▶ **Assignment**
Print the records below exactly. Omit every picture.

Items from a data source
++++++
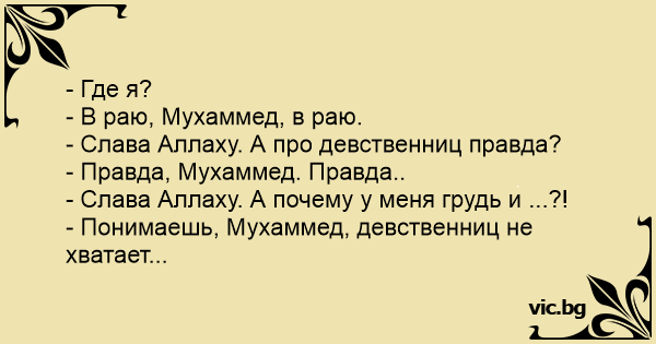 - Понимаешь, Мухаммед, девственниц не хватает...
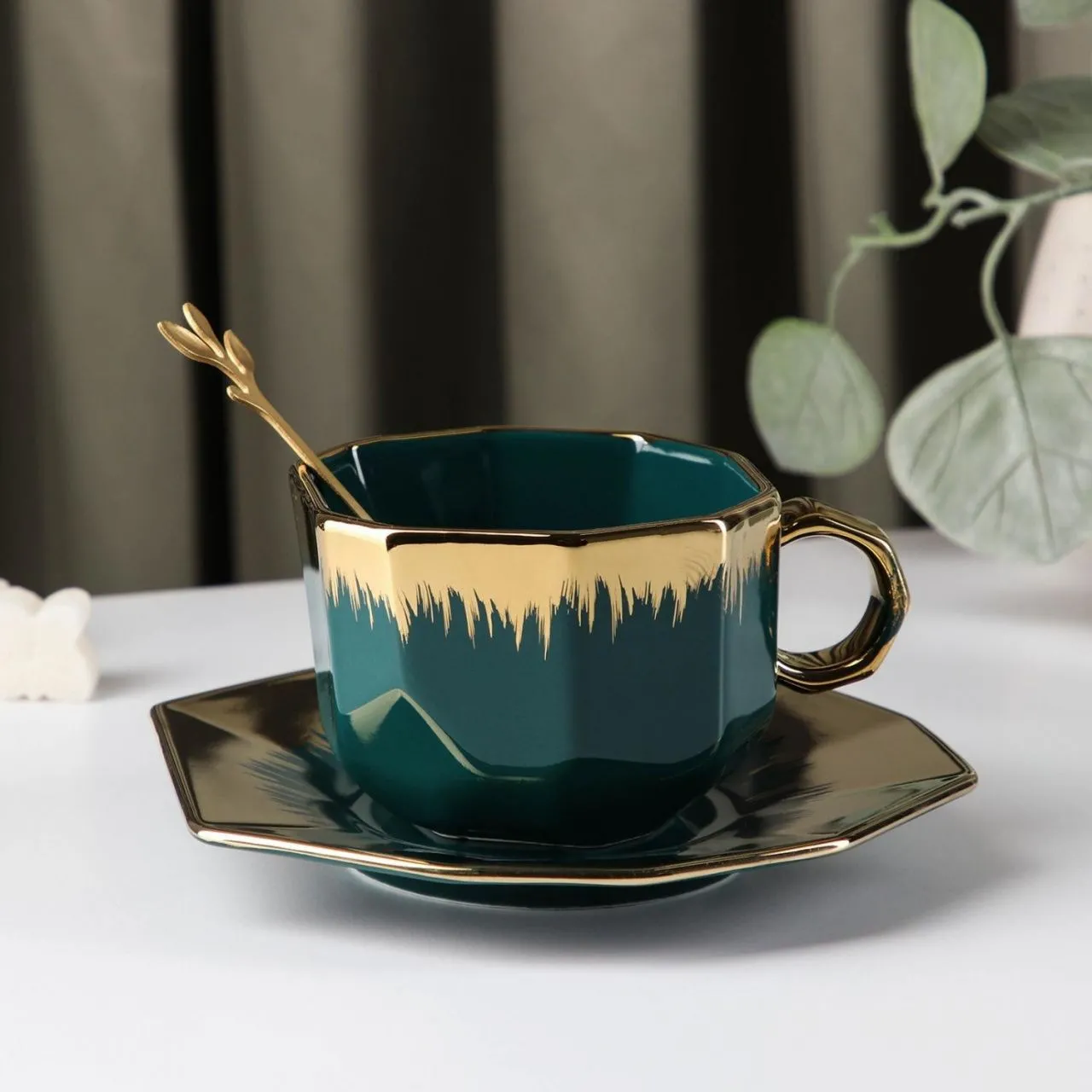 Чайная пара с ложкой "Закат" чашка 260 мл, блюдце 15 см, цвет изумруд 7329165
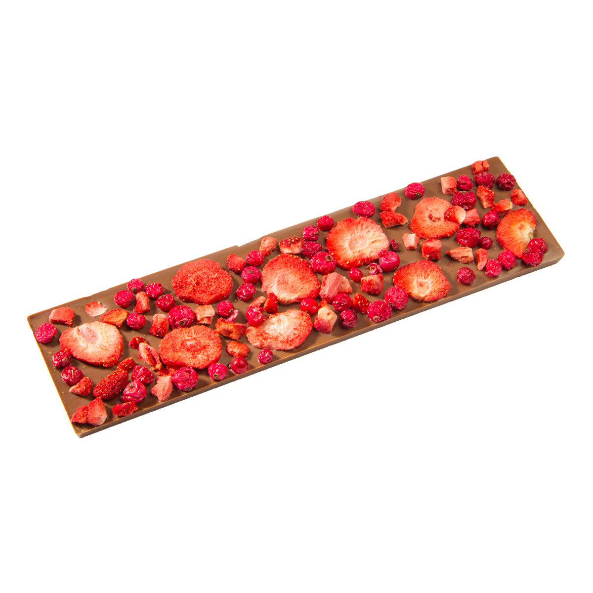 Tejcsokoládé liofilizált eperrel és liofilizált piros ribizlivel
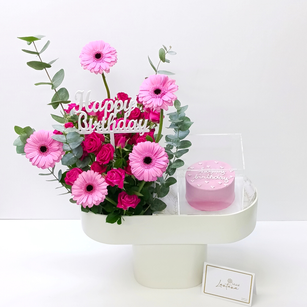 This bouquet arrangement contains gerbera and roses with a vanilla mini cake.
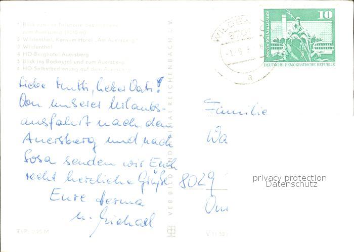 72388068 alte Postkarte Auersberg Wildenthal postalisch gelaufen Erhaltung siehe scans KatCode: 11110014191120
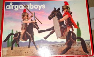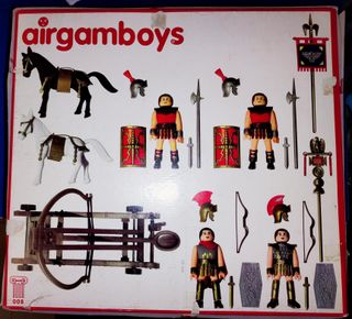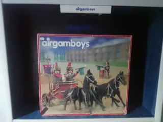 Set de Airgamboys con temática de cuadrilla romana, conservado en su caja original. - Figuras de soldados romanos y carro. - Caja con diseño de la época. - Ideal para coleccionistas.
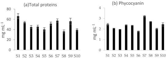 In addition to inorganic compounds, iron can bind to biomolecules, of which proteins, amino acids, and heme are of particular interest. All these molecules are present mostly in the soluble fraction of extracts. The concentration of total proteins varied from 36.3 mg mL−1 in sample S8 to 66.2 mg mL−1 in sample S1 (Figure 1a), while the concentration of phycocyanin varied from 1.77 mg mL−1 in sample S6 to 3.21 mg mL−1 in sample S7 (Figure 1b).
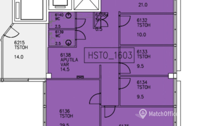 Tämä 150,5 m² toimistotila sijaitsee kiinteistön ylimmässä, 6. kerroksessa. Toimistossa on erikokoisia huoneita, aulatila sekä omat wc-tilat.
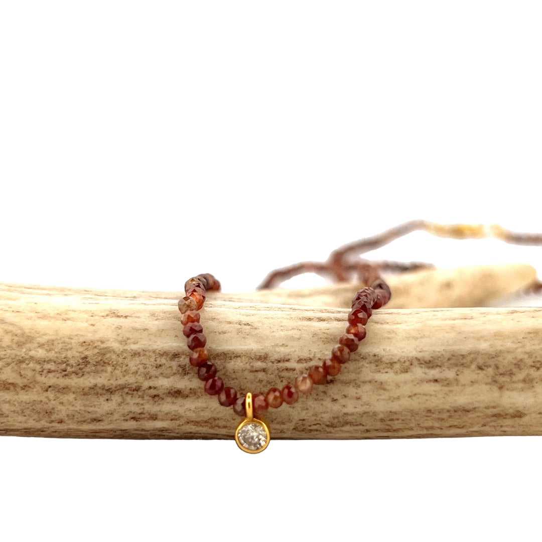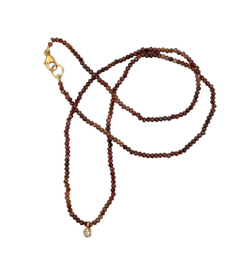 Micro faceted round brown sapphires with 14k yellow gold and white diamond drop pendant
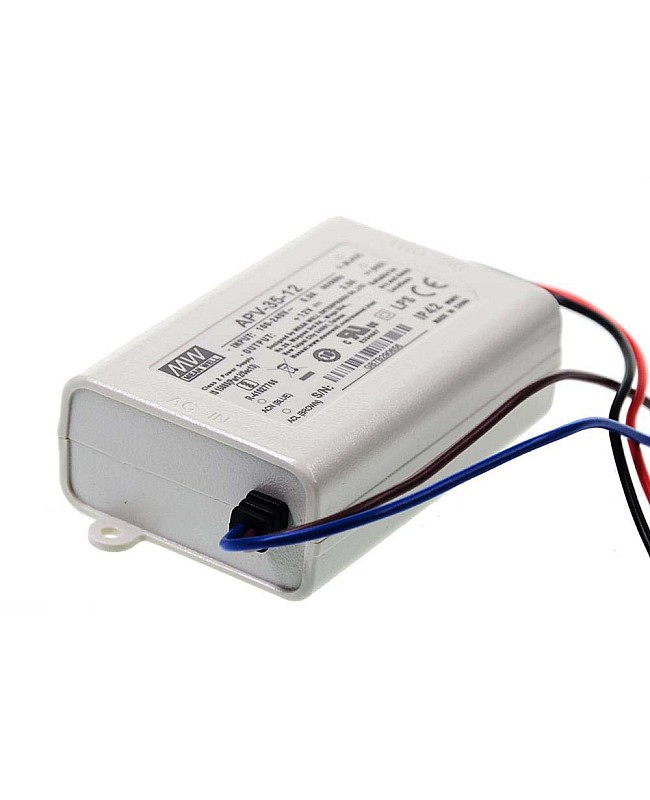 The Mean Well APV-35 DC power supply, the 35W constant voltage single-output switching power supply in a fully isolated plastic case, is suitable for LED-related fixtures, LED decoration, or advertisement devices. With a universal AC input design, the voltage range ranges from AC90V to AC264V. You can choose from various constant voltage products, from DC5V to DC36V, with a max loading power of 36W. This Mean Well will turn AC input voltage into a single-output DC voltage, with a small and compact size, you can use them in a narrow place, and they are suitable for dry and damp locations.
++++++
▶ **Answer for this exercise**
 - Понимаешь, Мухаммед, девственниц не хватает...
 Чайная пара с ложкой "Закат" чашка 260 мл, блюдце 15 см, цвет изумруд 7329165
 Tejcsokoládé liofilizált eperrel és liofilizált piros ribizlivel
 This bouquet arrangement contains gerbera and roses with a vanilla mini cake.
 72388068 alte Postkarte Auersberg Wildenthal postalisch gelaufen Erhaltung siehe scans KatCode: 11110014191120
 Set de Airgamboys con temática de cuadrilla romana, conservado en su caja original. - Figuras de soldados romanos y carro. - Caja con diseño de la época. - Ideal para coleccionistas.
 In addition to inorganic compounds, iron can bind to biomolecules, of which proteins, amino acids, and heme are of particular interest. All these molecules are present mostly in the soluble fraction of extracts. The concentration of total proteins varied from 36.3 mg mL−1 in sample S8 to 66.2 mg mL−1 in sample S1 (Figure 1a), while the concentration of phycocyanin varied from 1.77 mg mL−1 in sample S6 to 3.21 mg mL−1 in sample S7 (Figure 1b).
 Tämä 150,5 m² toimistotila sijaitsee kiinteistön ylimmässä, 6. kerroksessa. Toimistossa on erikokoisia huoneita, aulatila sekä omat wc-tilat.
 Micro faceted round brown sapphires with 14k yellow gold and white diamond drop pendant
 The Mean Well APV-35 DC power supply, the 35W constant voltage single-output switching power supply in a fully isolated plastic case, is suitable for LED-related fixtures, LED decoration, or advertisement devices. With a universal AC input design, the voltage range ranges from AC90V to AC264V. You can choose from various constant voltage products, from DC5V to DC36V, with a max loading power of 36W. This Mean Well will turn AC input voltage into a single-output DC voltage, with a small and compact size, you can use them in a narrow place, and they are suitable for dry and damp locations.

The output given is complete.